Papain‐like immune proteases (PLCPs) are promising engineering targets for crop protection, given their significant roles in plant immunity for key crops such as tomato, maize and citrus (Misas‐Villamil et al., 2016). The wide range of pathogen‐secreted PLCP inhibitors highlights the importance of these proteases in defending against various pathogens. Depletion of the apoplastic immune PLCP Phytophthora‐inhibited protease 1 (Pip1) from tomato, for instance, causes hyper‐susceptibility to bacterial, fungal and oomycete tomato pathogens (Ilyas et al., 2015). Immunity by Pip1 in wild‐type tomato is, however, suboptimal since Pip1 is suppressed during infection by diverse pathogen‐secreted inhibitors, such as the cystatin‐like EpiC2B from the oomycete late blight pathogen Phytophthora infestans (Tian et al., 2007). Here, we tested whether we could increase Pip1‐based immunity against late blight by engineering Pip1 into an EpiC2B‐insensitive protease. To guide Pip1 mutagenesis, we generated a structural model of the EpiC2B‐Pip1 complex using AlphaFold‐Multimer (Evans et al., 2022). This structural model represents a classic interaction between the tripartite wedge of cystatin (EpiC2B) in the substrate binding groove of papain (Pip1). This model indicated that engineering Pip1 to prevent inhibition without affecting Pip1 substrate specificity is possible because the interaction surface of Pip1 with EpiC2B is larger than the substrate binding groove (Figure 1a).
Figure 1.
Engineered, EpiC2B‐insensitive Pip1 reduces the growth of P. infestans on N. benthamiana. (a) Structural model of the Pip1‐EpiC2B complex generated with AlphaFold‐Multimer (Evans et al., 2022) showing the substrate binding groove (dashed line), and the residues selected for mutagenesis in Pip1 (red). The right zoomed image shows the tripartite loops of EpiC2B interacting with the substrate binding groove: the N terminus (NT), the middle loop containing the QxVxG (QVG) motif and the C‐terminal loop (CTL) containing a conserved tryptophane. (b) Pip1 mutants are active proteases with altered sensitivities to EpiC2B inhibition. Apoplastic fluids isolated from agroinfiltrated leaves transiently expressing (mutant) Pip1 were preincubated for 30 min with and without 100 μM E‐64 or 3 μM EpiC2B, and then labelled for 3 h with 0.2 μM TK011. Samples were separated on SDS‐PAGE gels, scanned for fluorescence and analysed by α‐Pip1 Western blot. Original, uncropped images are shown in Figure S2. (c) Two residue substitutions render Pip1 insensitive to EpiC2B. Apoplastic fluids isolated from agroinfiltrated leaves transiently expressing Pip1 and engineered ePip1 were preincubated for 30 min with and without 100 μM E‐64, or increasing concentrations of EpiC2B, and then labelled for 3 h with 0.2 μM TK011. Samples were separated on SDS‐PAGE gels and scanned for fluorescence. Signal intensity was quantified. Values are depicted as a percentage of the labelling detected without inhibitor. Confidence zones represent SE of n = 3 replicates. (d) Engineered Pip1 restricts P. infestans growth in N. benthamiana. N. benthamiana leaf halves were agroinfiltrated with wild‐type Pip1, catalytically dead Pip1* or engineered ePip1 and 3 days later, the leaves were detached, and zoospores of P. infestans strain 88069 tD were drop‐inoculated onto each leaf half. Leaves were incubated for further 7–9 days and imaged for fluorescence. The area containing fluorescent hyphae was measured. P values correspond to a paired t‐test of n > 8 replicates. This experiment was repeated twice with similar results (see Figure S3).

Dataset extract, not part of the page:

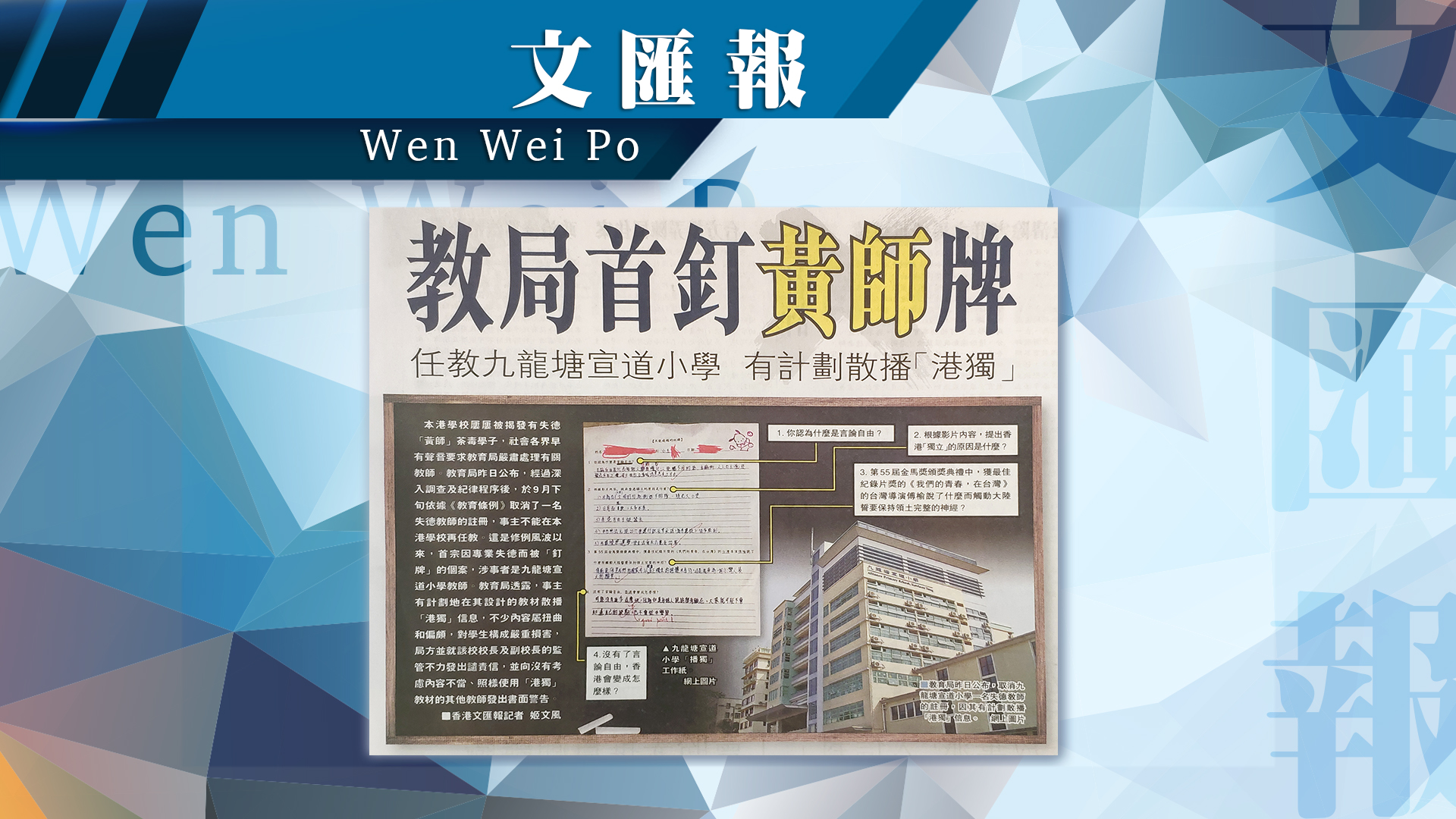 《文匯報》﹣ 教局首釘「黃師」牌 任教九龍塘宣道小學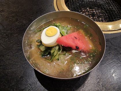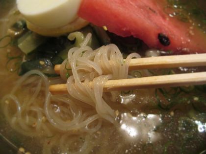 スイカの乗った冷麺というものを初めて見たんですが、帰ってから調べてみたらけっこう普通に乗ってるもんなんですね。韓国では梨とか林檎を入れたりもするみたいです。

We selected nine residues for targeted mutagenesis of Pip1 that are predicted to directly interact with EpiC2B but are not in the substrate binding groove (Figure 1a). To generate the greatest disruption in protease‐inhibitor interaction, we substituted these residues into bulky amino acids of the opposite charge. Following this strategy, we generated four double mutants and one single mutant of Pip1 and produced these proteins in planta via agroinfiltration (Table S1, S2). All proteins were detected in the apoplast of agroinfiltrated Nicotiana benthamiana plants using the anti‐Pip1 antibody (Figure 1b), and all are active proteases because they reacted with TK011, a new fluorescent activity‐based probe for PLCPs (Figure S1). Preincubation with 3 μM purified EpiC2B reduced labelling of Pip1 and some of the Pip1 mutants, but the D147R/V150E mutant of Pip1 seems insensitive to EpiC2B inhibition (Figure 1b) and was hence called engineered Pip1 (ePip1). Preincubation with increasing EpiC2B concentrations revealed that ePip1 is insensitive to up to 8 μM EpiC2B, whereas wild‐type Pip1 can be inhibited by 1 μM EpiC2B (Figure 1c).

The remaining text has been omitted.